I am very curious what limitations a proxy server would have on this design.
For example, if you have a proxy server sitting between the desktop browser
software and the web server where your cgi is installed. Will it let all of
this traffic through? Do most proxy servers allow full-duplex transmission?
(obviously an SSL capable proxy would have to in order for the handshake to
occur, right?)
mikeg
"William A. Rowe, Jr." wrote:
> Precisely, Dean.
>
> I'm looking at hacking a full-duplex cgi (targeting 2.0, not 1.3.x!!!)
>
> My metacode idea is;
>
> while (get inbuf <- client) {
> write inbuf -> cgi stdinpipe
> while (!empty cgi stdoutpipe)
> read outbuf <- cgi stdoutpipe
> put outbuf -> client
> }
> while (!empty cgi stdoutpipe)
> read outbuf <- cgi stdoutpipe
> put outbuf -> client
> }
> close client connections
>
> The problem I have is with the size of the pipes. NT's are VERY small by
> default. I discovered this with a simple CGI writing the client stream back
> at the client as a hexdump.
>
> Limited application? Perhaps... but it would appear to the browser as a
> more async processes flow. Thresholds would be required... delta time or
> size, but I'll think that through if this proves worthwhile.
>
> Additional thoughts anyone?
>
> Bill
RE: Bug Report 5671 - CGI Deadlock
Posted by Dean Gaudet <dg...@arctic.org>.
in 2.0 a portable way to do this would be to spawn two threads... but that
opens a whole can of worms :) (the portability vs. efficiency debate)
i think this is a limited application -- you're probably the first to need
full duplex cgi. short term, you should probably do whatever works for
yourself. it's your call.
this does tie into another topic here recently -- the "http router"
concept. in that case the router would ideally have an asynchronous i/o
engine and you'd just hand it the fds and let it do the bit shuffling.
Dean
On Sat, 5 Feb 2000, William A. Rowe, Jr. wrote:
> Precisely, Dean.
>
> I'm looking at hacking a full-duplex cgi (targeting 2.0, not 1.3.x!!!)
>
> My metacode idea is;
>
> while (get inbuf <- client) {
> write inbuf -> cgi stdinpipe
> while (!empty cgi stdoutpipe)
> read outbuf <- cgi stdoutpipe
> put outbuf -> client
> }
> while (!empty cgi stdoutpipe)
> read outbuf <- cgi stdoutpipe
> put outbuf -> client
> }
> close client connections
>
> The problem I have is with the size of the pipes.

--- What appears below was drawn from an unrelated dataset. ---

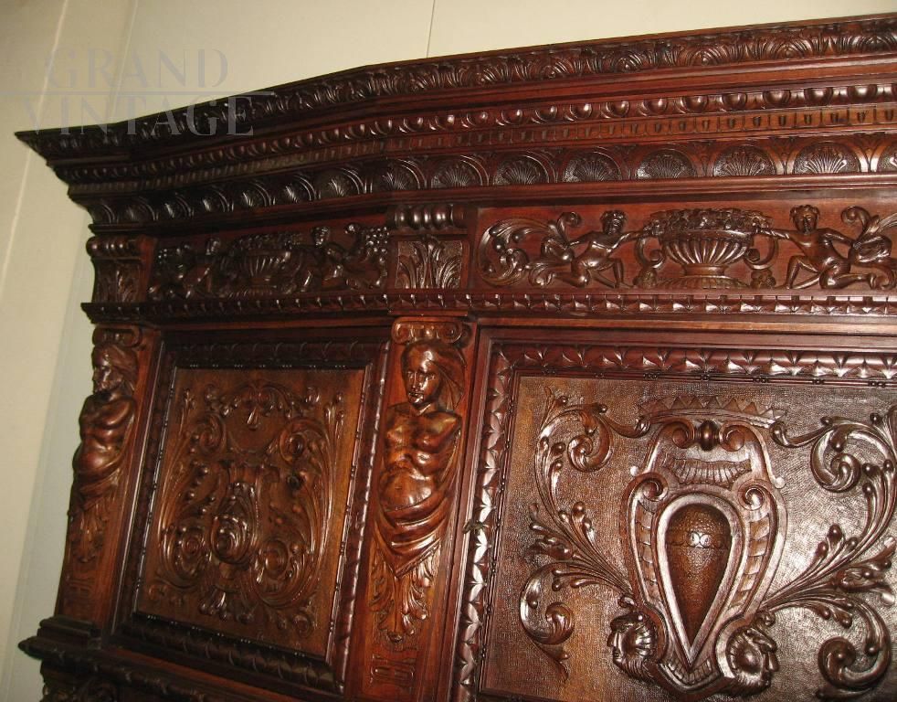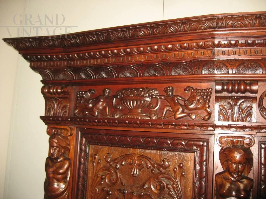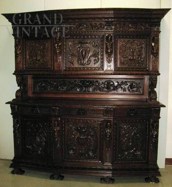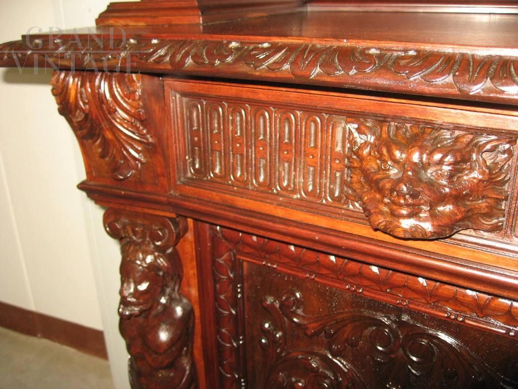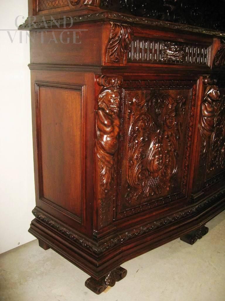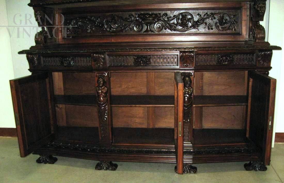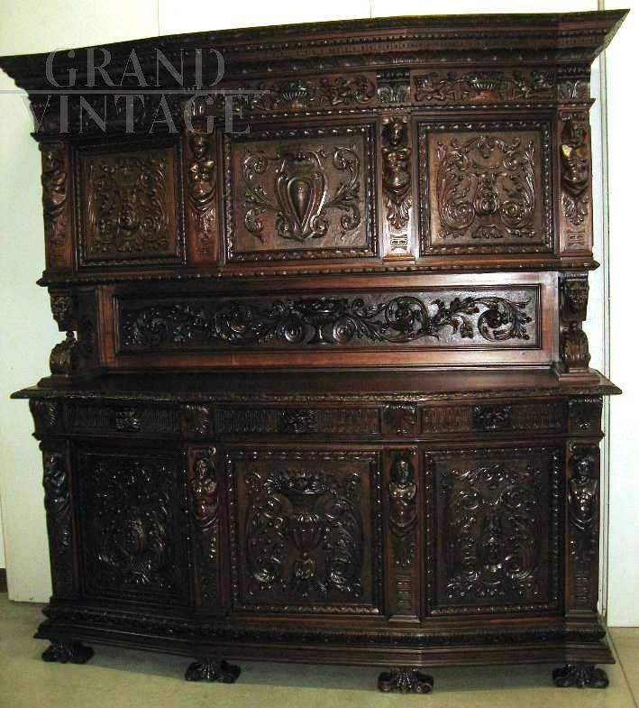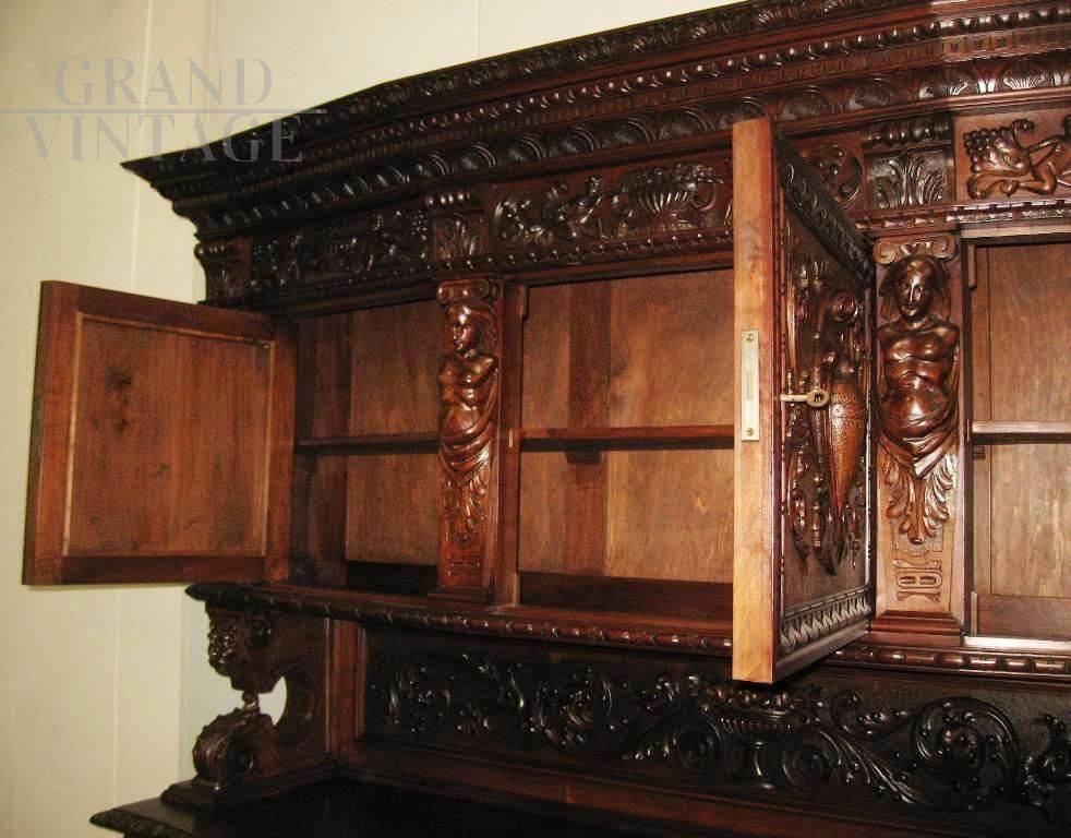 Credenza in stile antico rinascimentale finemente intagliata, con alzata, costruita agli inizi del ‘900. Legno di noce, parti a massello, parti impiallacciate, fondi e schiene in compensato. Grande buffet, di ottima ebanisteria, cariatidi in rilievo scolpite e raffinati intagli, maestoso cornicione. Mobile composto da tre pezzi:

NT's are VERY small by
> default. I discovered this with a simple CGI writing the client stream back
> at the client as a hexdump.
>
> Limited application? Perhaps... but it would appear to the browser as a
> more async processes flow. Thresholds would be required... delta time or
> size, but I'll think that through if this proves worthwhile.
>
> Additional thoughts anyone?
>
> Bill
>
> > > --- is it 'legal' to BEGIN transmitting the http result
> > > while the client is still trasmitting their request? (Yes - I
> > > know that sounds odd, but I need to determine if the workaround is
> > > immediate transmit of response data - or some alternate queuing
> > > method to ensure the two streams don't deadlock).
> >
> > from an http point of view it's legal. but i think you're
> > asking from the
> > point of view of a cgi ... and mod_cgi just doesn't support
> > full-duplex
> > operation.
> >
> > Dean
> >
>
>
RE: Bug Report 5671 - CGI Deadlock
Posted by "William A. Rowe, Jr." <wr...@lnd.com>.
Precisely, Dean.
I'm looking at hacking a full-duplex cgi (targeting 2.0, not 1.3.x!!!)
My metacode idea is;
while (get inbuf <- client) {
write inbuf -> cgi stdinpipe
while (!empty cgi stdoutpipe)
read outbuf <- cgi stdoutpipe
put outbuf -> client
}
while (!empty cgi stdoutpipe)
read outbuf <- cgi stdoutpipe
put outbuf -> client
}
close client connections
The problem I have is with the size of the pipes. NT's are VERY small by
default. I discovered this with a simple CGI writing the client stream back
at the client as a hexdump.
Limited application? Perhaps... but it would appear to the browser as a
more async processes flow. Thresholds would be required... delta time or
size, but I'll think that through if this proves worthwhile.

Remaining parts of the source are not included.